WHAT IS REQUIRED: Transcribe the records below exactly, leaving out any pictures.

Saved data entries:
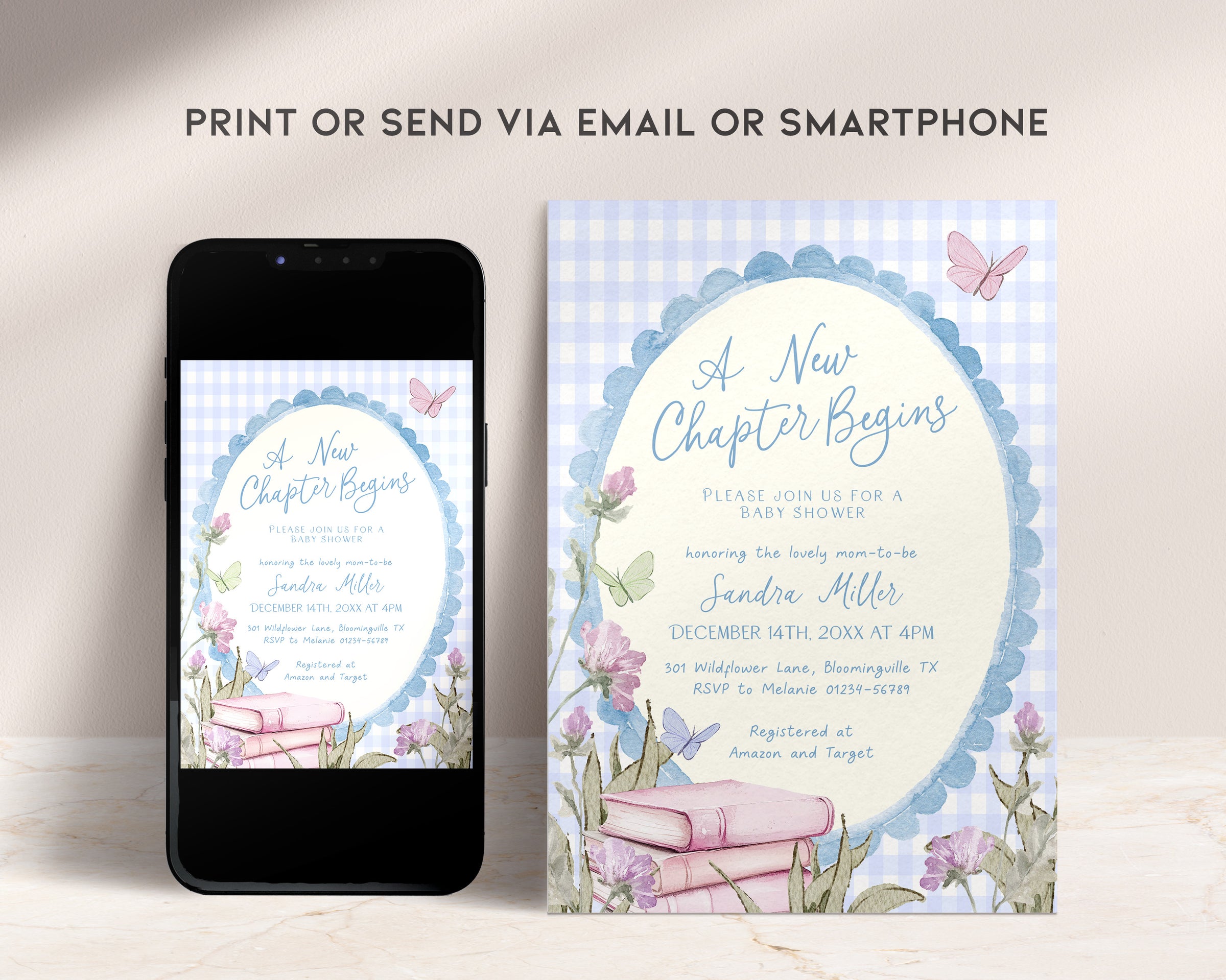 Celebrate your little one’s arrival with our Blue Gingham Baby Shower Invitation. Easy to edit, instant download, and ready to print!
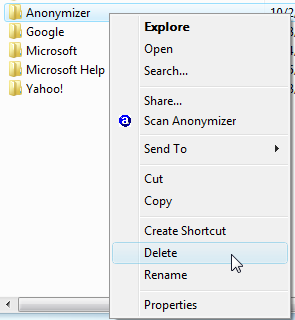 Locate the Anonymizer Folder, right click on it and select Delete.
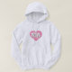 Esta camisola de capuz apresenta um coração calmo, legal e colecionado cor-de-rosa com um centro branco lavado contendo as MÃES em negrito, branco, maiúsculas, a abreviação oficial para Massachusetts, o estado da baía.
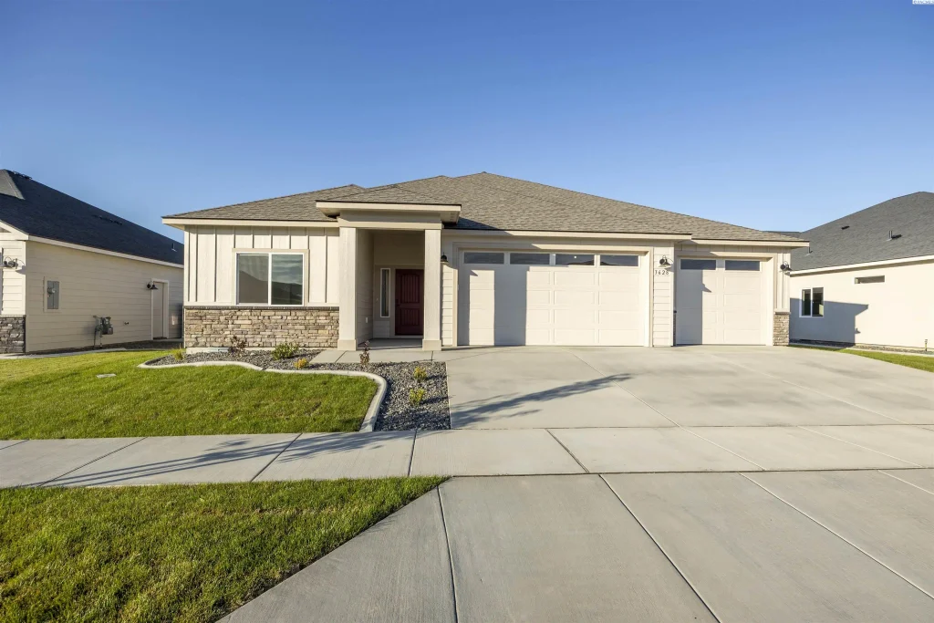 MLS# 288249 Introducing the Brielle Elizabeth floorplan! A beautifully crafted new construction home nestled in South Orchard! This spacious 2,083 sqft floor plan features a thoughtful layout with 3 bedrooms, 2.5 baths, and a generous 3-car garage. As you step inside, you’ll be greeted by an inviting open-concept design that seamlessly connects the great room, kitchen, and dining area. The beautiful LVP flooring flows throughout these spaces, providing both elegance and durability for everyday living. The heart of the home, the kitchen, boasts an under-mount sink and a stunning full tile backsplash, making it a chef's delight. With ample counter space and modern appliances, entertaining guests will be a breeze. Retreat to the luxurious primary suite, where relaxation awaits. The en-suite bathroom features elegant LVP flooring, granite countertops with under mount sinks, and a beautifully designed tile shower, creating a spa-like atmosphere. Two additional bedrooms provide plenty with a well-appointed second bath that ensures comfort and convenience for all.Enjoy the outdoors in your private backyard, offering a serene space for relaxation, play, or gatherings. This home combines modern living with a vibrant neighborhood atmosphere.
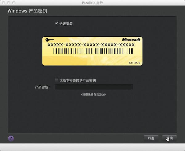 3、在此步骤中,我们可以选择“快速安装”,在虚拟机安装Windows 8 时会提示您输入安装密钥,(在产品密钥文本框中键入已购买的密钥,或取消选中“该版本需要提供产品密钥”,在Windows 8安装完成后激活)。
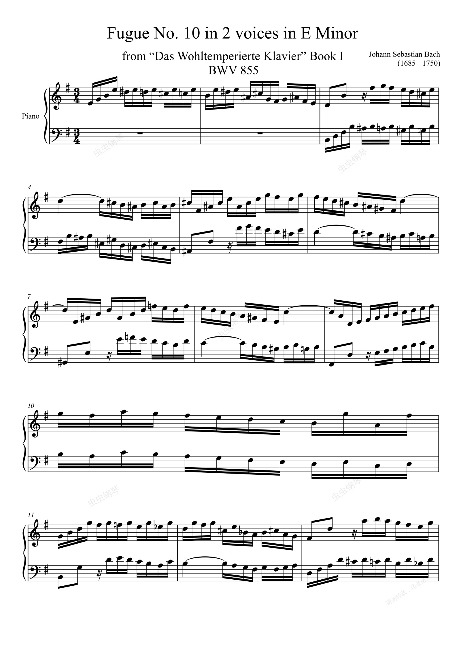 钢琴谱:Fugue No. 10 BWV 855 in E Minor

WRITTEN ANSWER:
 Celebrate your little one’s arrival with our Blue Gingham Baby Shower Invitation. Easy to edit, instant download, and ready to print!
 Locate the Anonymizer Folder, right click on it and select Delete.
 Esta camisola de capuz apresenta um coração calmo, legal e colecionado cor-de-rosa com um centro branco lavado contendo as MÃES em negrito, branco, maiúsculas, a abreviação oficial para Massachusetts, o estado da baía.
 MLS# 288249 Introducing the Brielle Elizabeth floorplan! A beautifully crafted new construction home nestled in South Orchard! This spacious 2,083 sqft floor plan features a thoughtful layout with 3 bedrooms, 2.5 baths, and a generous 3-car garage. As you step inside, you’ll be greeted by an inviting open-concept design that seamlessly connects the great room, kitchen, and dining area. The beautiful LVP flooring flows throughout these spaces, providing both elegance and durability for everyday living. The heart of the home, the kitchen, boasts an under-mount sink and a stunning full tile backsplash, making it a chef's delight. With ample counter space and modern appliances, entertaining guests will be a breeze. Retreat to the luxurious primary suite, where relaxation awaits. The en-suite bathroom features elegant LVP flooring, granite countertops with under mount sinks, and a beautifully designed tile shower, creating a spa-like atmosphere. Two additional bedrooms provide plenty with a well-appointed second bath that ensures comfort and convenience for all.Enjoy the outdoors in your private backyard, offering a serene space for relaxation, play, or gatherings. This home combines modern living with a vibrant neighborhood atmosphere.
 3、在此步骤中,我们可以选择“快速安装”,在虚拟机安装Windows 8 时会提示您输入安装密钥,(在产品密钥文本框中键入已购买的密钥,或取消选中“该版本需要提供产品密钥”,在Windows 8安装完成后激活)。
 钢琴谱:Fugue No. 10 BWV 855 in E Minor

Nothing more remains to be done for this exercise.